Penn State University researchers have finally found the answer to a 40-year-long puzzle about a mysterious process by which a critical enzyme metabolizes drugs and chemicals in food.
Michael Green and colleagues have been able to “freeze in time” the workings of this family of enzymes produced by the liver that break down common drugs such as Tylenol, caffeine, and opiates, as well as nutrients in many foods.
The find may help development of a wide range of more efficient and less-expensive drugs, household products, and other chemicals.
Enzymes in the family named P450 pass through a critical chemical phase-change called “Compound I,” whereby an oxygen molecule is temporarily added.

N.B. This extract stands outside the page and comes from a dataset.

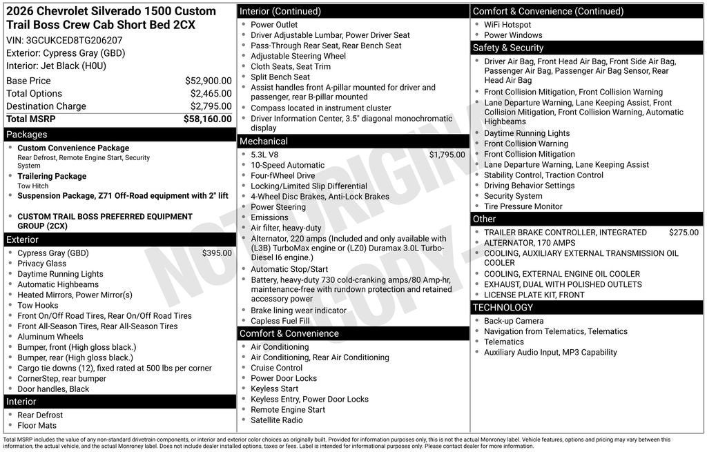 Custom Trail Boss 10-Speed Automatic, 4WD, Black Cloth, 10-Way Power Driver Seat w/Lumbar, 120-Volt Bed Mounted Power Outlet, 120-Volt Interior Power Outlet, 3.5 Monochromatic Display Driver Info Center, 3GCUYDET6LG263470, Apple CarPlay/Android Auto, Auto-Locking Rear Differential, Black Alloy Wheels, Bluetooth® For Phone, Brake assist, Color-Keyed Carpeting Floor Covering, Custom Convenience Package, Deep-Tinted Glass, Dual Rear USB Ports (Charge Only), Electric Rear-Window Defogger, Electronic Cruise Control, EZ Lift Power Lock & Release Tailgate, Front Rubberized Vinyl Floor Mats, HD Rear Vision Camera, Heated door mirrors, Heavy-Duty Air Filter, Hill Descent Control, LED Cargo Area Lighting, Manual Tilt Wheel Steering Column, OnStar Services Capable, Performance Red Recovery Hooks, Power Front Windows w/Driver Express Up/Down, Power Front Windows w/Passenger Express Down, Power Rear Windows w/Express Down, Preferred Equipment Group 2CX, Rear 60/40 Folding Bench Seat (Folds Up), Rear Rubberized-Vinyl Floor Mats, Rear window defroster, Remote Keyless Entry, Remote Vehicle Starter System, SiriusXM Trial Subscription, Split folding rear seat, Standard Tailgate, Suspension Package, Teen Driver, Theft Deterrent System (Unauthorized Entry), Tire Pressure Monitoring System, Trailering Package, Wi-Fi Hot Spot Capable. Price includes: $1250 - Chevrolet Trade Assistance Bonus Cash Program. Exp. 02/02/2026 $1500 - GM Bonus Cash. Exp. 02/02/2026 $3250 - Chevrolet Consumer Cash Program. Exp. 02/02/2026

“This phase change happens quickly, and P450 just as quickly changes back to its original state,” Green explained.
Green and his colleagues grew one of the P450 enzymes in E.coli — bacteria found in the human gut. They then developed a method to cool the enzyme at just the right rate — one one-thousandth of a second — to “freeze in time” the formation process of Compound I.
Green also explained that different populations of humans vary in which version of the gene they carry, and thus, which version of P450 they produce.
“With a drug such as caffeine, for example, one population of people might be fast metabolizers, while another might metabolize the drug more slowly,” Green explained.
“The answer to why some people have bad interactions could be understood at the level of the P450 enzymes and their state changes. Now that we can see those state changes on a molecular level, a deeper investigation is finally possible.”
The scientists” findings will be published in the journal Science on 12 November 2010.
Cytochrome P450 Compound I: Capture, Characterization, and C-H Bond Activation Kinetics, Jonathan Rittle and Michael T. Green, Science 12 November 2010: 933-937.